Ministers will not apologise for the treatment of South Yorkshire communities by the Government during the miners’ strike.
Cabinet Office Minister Francis Maude spoke out after Labour launched a campaign for ‘justice’ for coalfield communities, to mark the 30th anniversary of the national strike.
It was launched after the release of Cabinet papers, which revealed Margaret Thatcher’s government had a secret plan to close 75 pits at a cost of 65,000 jobs during the strike.
Mr Maude said those campaigning for reconciliation and transparency will have to wait to see any more Cabinet papers from the time of the strike when they are released under the 30-year rule.
Michael Dugher, Labour MP for Barnsley East, had demanded an apology and full disclosure of documents and communication between Thatcher’s government and the police during the 1984 strike, to address the widespread sense of injustice among former mining communities.
However, Mr Maude said the papers would be released in the normal way and no apology would be forthcoming.
During Cabinet Office questions in the Commons, he said: “The documents will be released in the usual way under the law passed under the last government.
“I was representing a coal mining constituency during the miners’ strike.
“I saw first hand the violence, the intimidation, the divided communities, in a dispute that took place without a proper national ballot being held.
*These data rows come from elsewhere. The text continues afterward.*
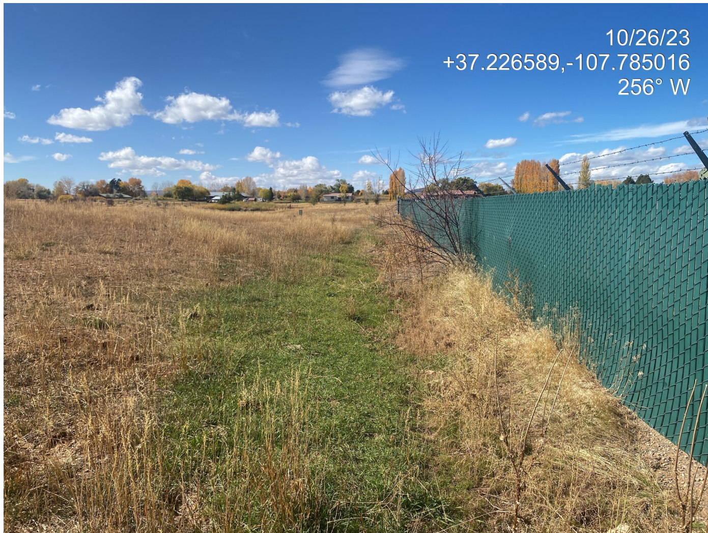
Photo 2. View of the southern reclamation area facing west.

Inspection Photos Location Name: Clark 7-2 Location ID: 333643
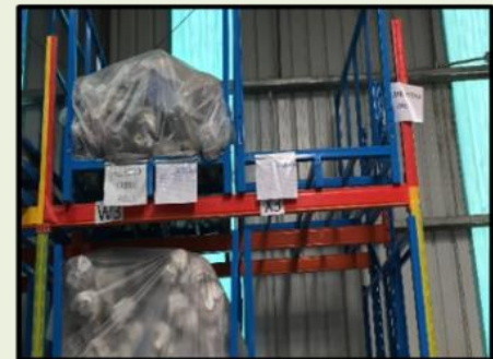
QUARANTINE / REJECTION
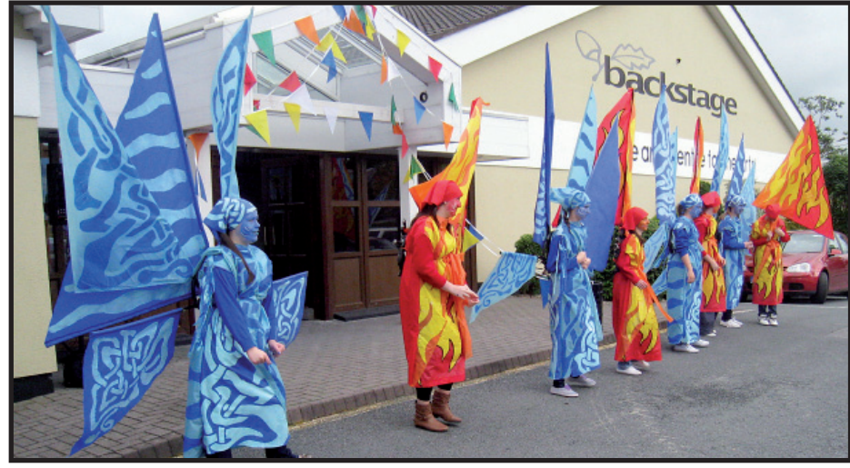
Pictured celebrating Aisling Children's Arts Festival 2010.
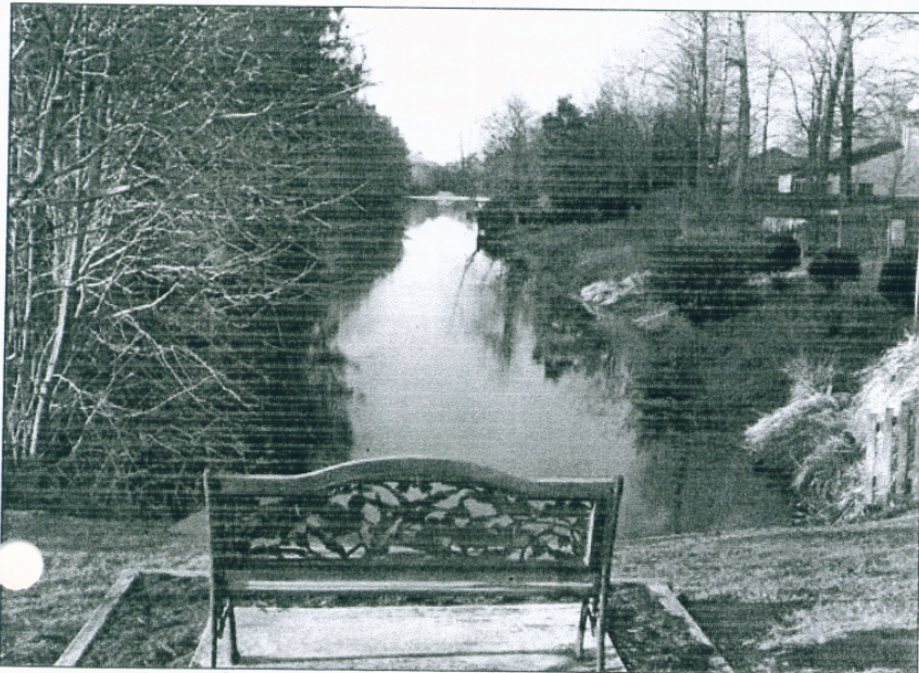
It's hard to believe with the temperatures now, but soon the cool breezes of autumn will be upon us -- perfect for sitting back and enjoying the outdoors in Tabb Lakes.
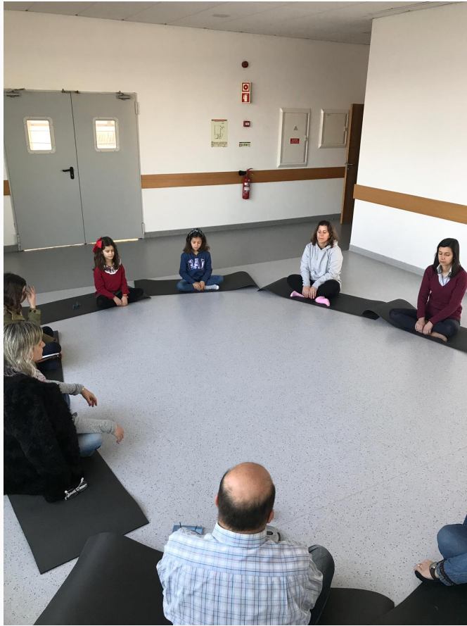
Meditation teachers and families
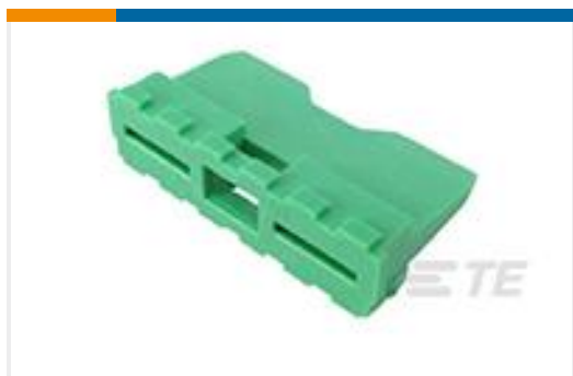
TE Part #W12P WEDGE LOCK, 12P, REC, GRN, DT
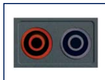
Jacks: Two standard safety banana jacks (4mm)
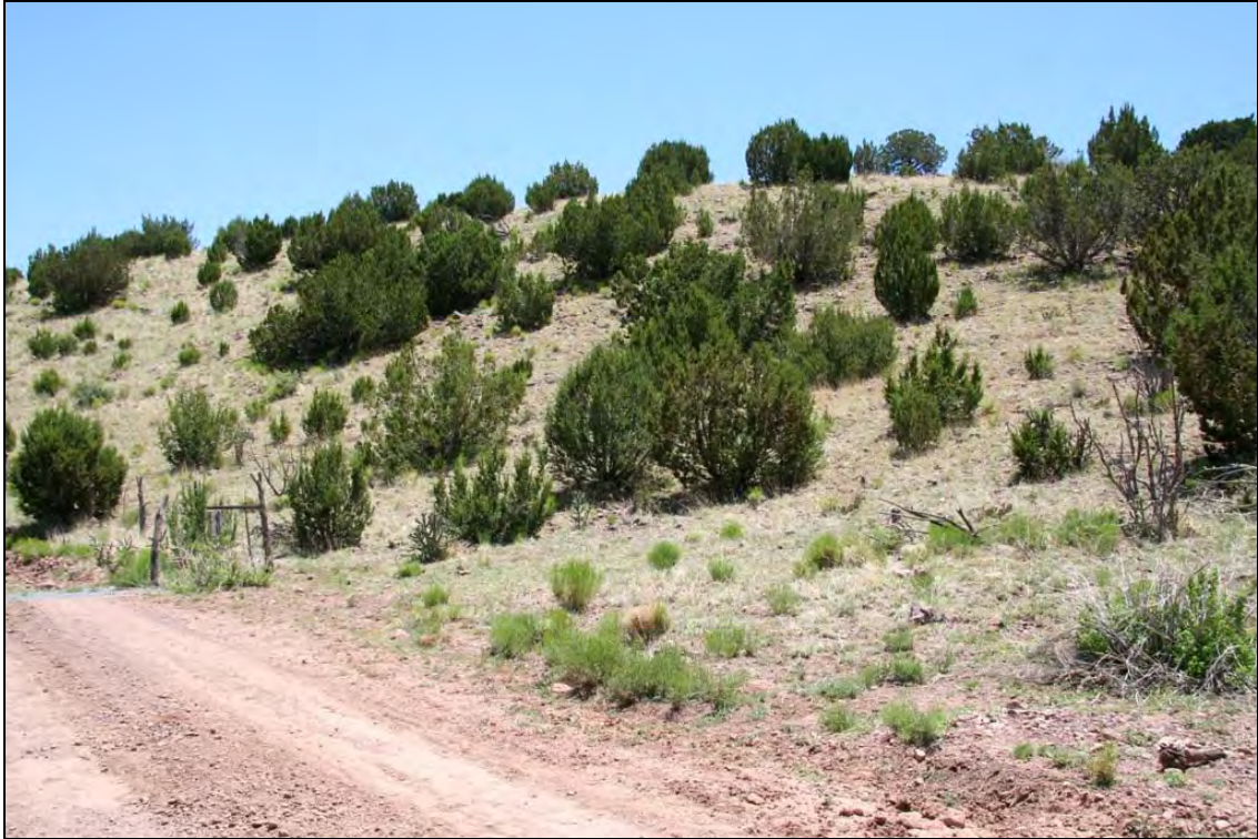
Area searched at East Magdalena (312650-3762605, North American Datum 1927).
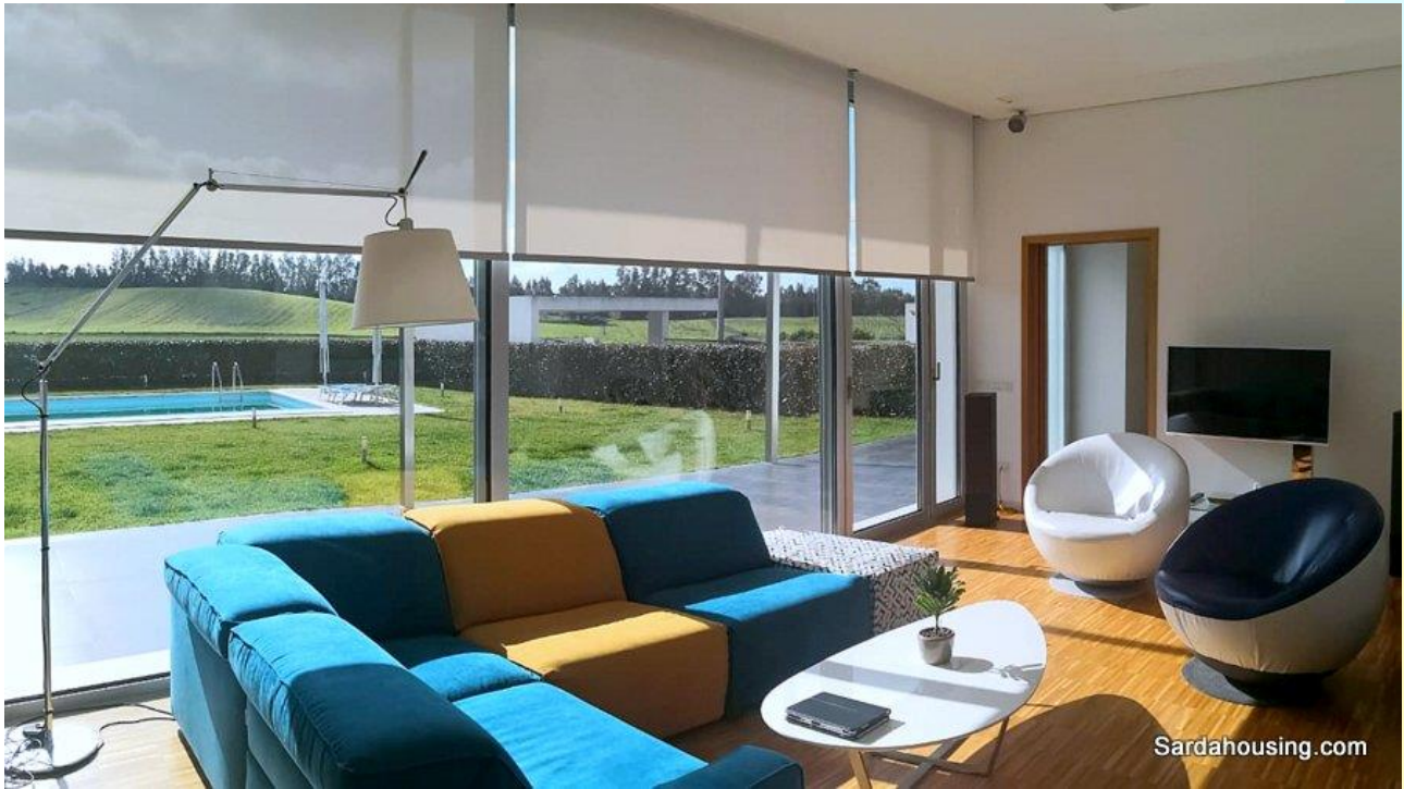
21 - Tiria, Palmas Arborea, Oristano - Villa with pool: living room
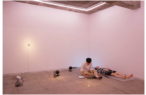
Installation view : " Immunotherapy" TALION GALLERY | 2019 | Photo : Yoshihiro Inada

2020 "Sustainable Hours - Soundtrack for installation by Nile Koetting" The Death Of Rave (UK) 2019 V.A "Being and Time" Longform Editions (AUS) 2018 "Climatotherapy" The Death Of Rave (UK) 2016 "Being and Time" duenn Label (JP)
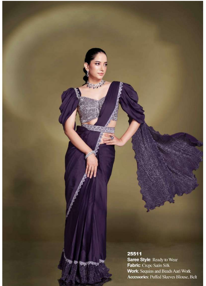
25511 Saree Style: Ready to Wear Fabric: Crepe Satin Silk Work: Sequins and Beads Aari Work Accessories: Puffed Sleeves Blouse, Belt
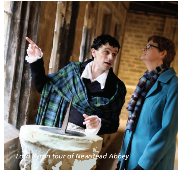
Lord Byron tour of Newstead Abbey
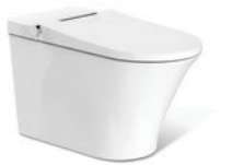
AXENT.ONE C PLUS
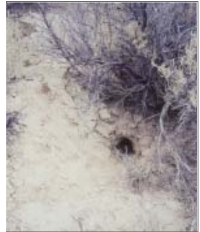
Pygmy rabbit burrow
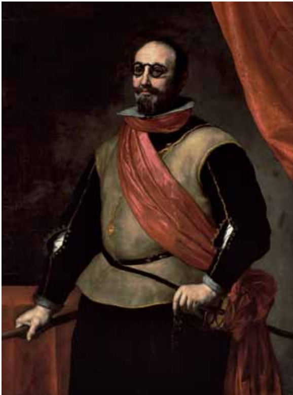
Jusepe de Ribera, Portrait of Knight of Santiago , 1630-38. Oil on canvas. Meadows Museum, SMU, Dallas. Algur H. Meadows Collection, MM.77.02.
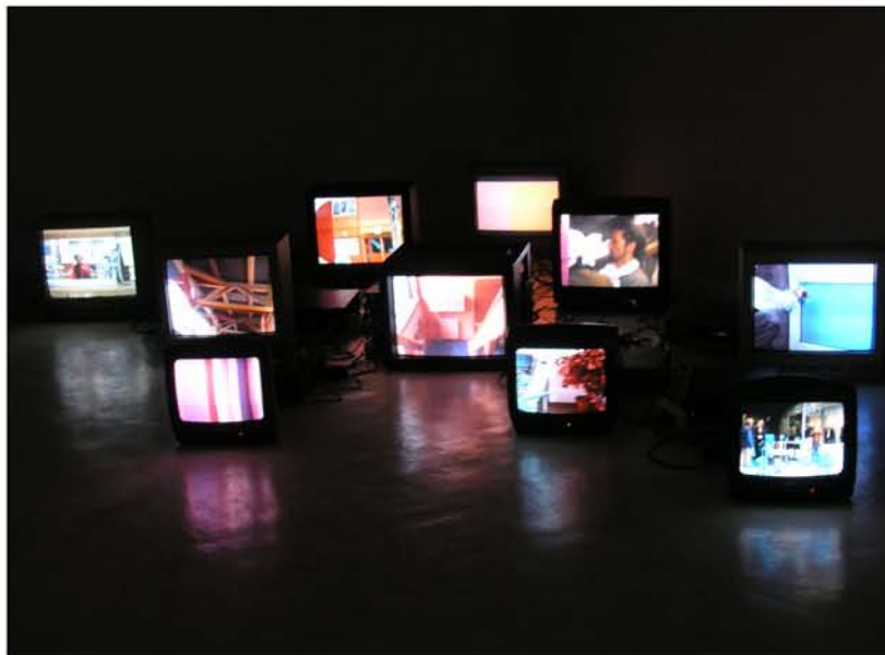
15 eme bourse d'Art Monumentale de la ville d'Ivry, 2005, Ivry (F) On the top to bottom "Peinture secrète" "10 reportages sur 10 projets passés"
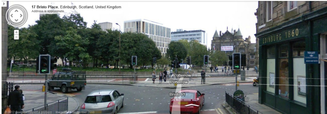
(Above) The University campus is now really close. Cross the at the lights into Bristo Square and keep heading in the direction of the modern tower buildings in the distance.
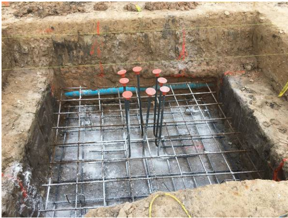
Main building spread footings
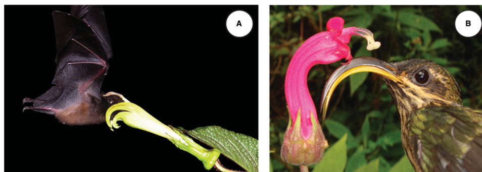
Figure 1. Bat and hummingbird pollination characterize flowers in the centropogonid clade. (A) Centropogon nigricans , a bat pollinated species, is visited by Anoura fistulata . (B) Centropogon umbrosus is shown with Eutoxeres condamini , its obligate sicklebill hummingbird pollinator.

Muchhala 2008; Fleming et al. 2009). Thus, despite the additional cost, there are many cases in which pollination by vertebrates would be selected for, including at high elevations in tropical latitudes where insect diversity declines with increasing elevation (Cruden 1972).
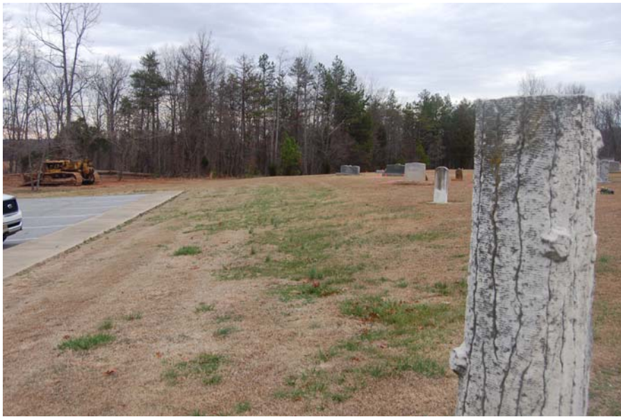
Figure 5. Area on the northwest edge of the cemetery showing grading and an absence of graves.

levels (200 psi and higher) in this area are consistent with clay subsoils, perhaps with additional compaction through the use of heavy equipment. Not only were we not able to identify any areas of lower compaction that might represent graves, but the removal of 1-2 feet of soil would almost certainly have revealed coffin outlines. Thus it is highly unlikely that graves are found in these areas.
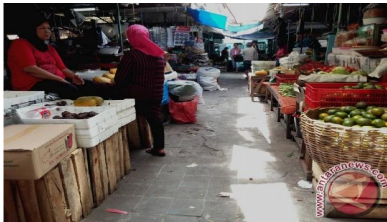
Picture 3. Minang-Chinese Interaction at Tanah Kongsu Market in Padang City
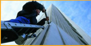
SEALING AND BONDING
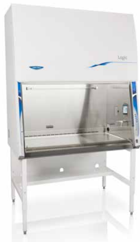
Logic Biosafety Cabinets provide safety, performance and dependability you can trust — the Labconco difference.

Our Class I and HEPA-Filtered enclosures offer an alternative to Class II cabinets when applications do not require product protection, and our clean benches provide product protection when personnel protection is not needed.
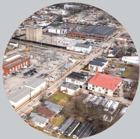
MINUTES FROM NOLI AND DOWNTOWN
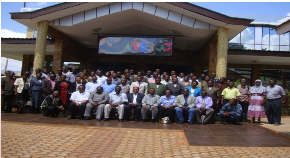
Group photo of the participants of the Stakeholders Meeting of the Entrepreneurship education system delivery coordinated by ILO from District and Regional Education officers under Ministry of Education and Vocational Training in Morogoro.

collaboration with the Ministry of Education and Vocational Training (MoEVT) to introduce and strengthening delivery of Entrepreneurship Education in formal and non-formal education system in the country.
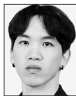
Cecile Wolfe Photography
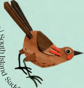
Tieke | South Island Saddleback | J ackbird
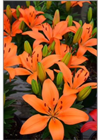
Matrix Orange Lily flowers
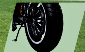
BIGGER REAR TIER
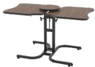
TDR*2 4-station ergonomic, rectangular, adjustable table
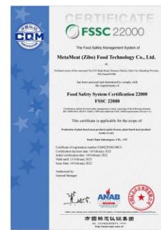
FSSC22000 Food safety system certification
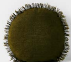
VINTAGE LINEN FRINGE ROUND CUSHION IN KHAKI $69.95
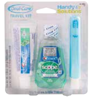
Dental Travel Kit Item No. 1749
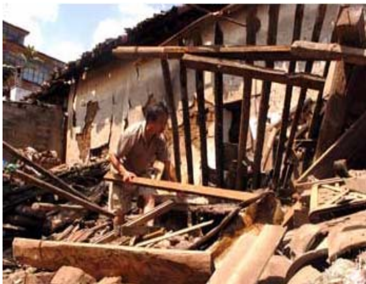
A man picks through the remains of his house after the earthquake.

Ning'er County, covering 3,670 square kilometres, has a population of 190,000. It had reported nine quakes measuring five or above on the Richter scale in history, with the strongest at 6.8 which occurred on 15 March 1979.
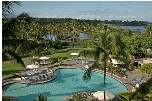
The pool, palm groves and ancient fish ponds at the Mauna Lani Bay Hotel, on the Big Island's Kohala Coast

But ask one of the regulars, and they'll say that the Mauna Lani Bay Hotel's 20-acre grounds are its chief asset. One of the earliest hotels built on the Kohala Coast , the Mauna Lani occupies one of the few sites with a protected cove and a curving sweep of natural sand beach.

“So you asked for an apology – no.”
Prime Minister David Cameron said Arthur Scargill, the former leader of the National Union of Mineworkers, should apologise for the way he led the union.
He said: “We have a system for releasing paperwork from 10, 20, 30 years ago and we should stick to that.
“But I have to say, I think if anyone needs to make an apology for their role in the strike it should be Mr Scargill for the appalling way he led that union.”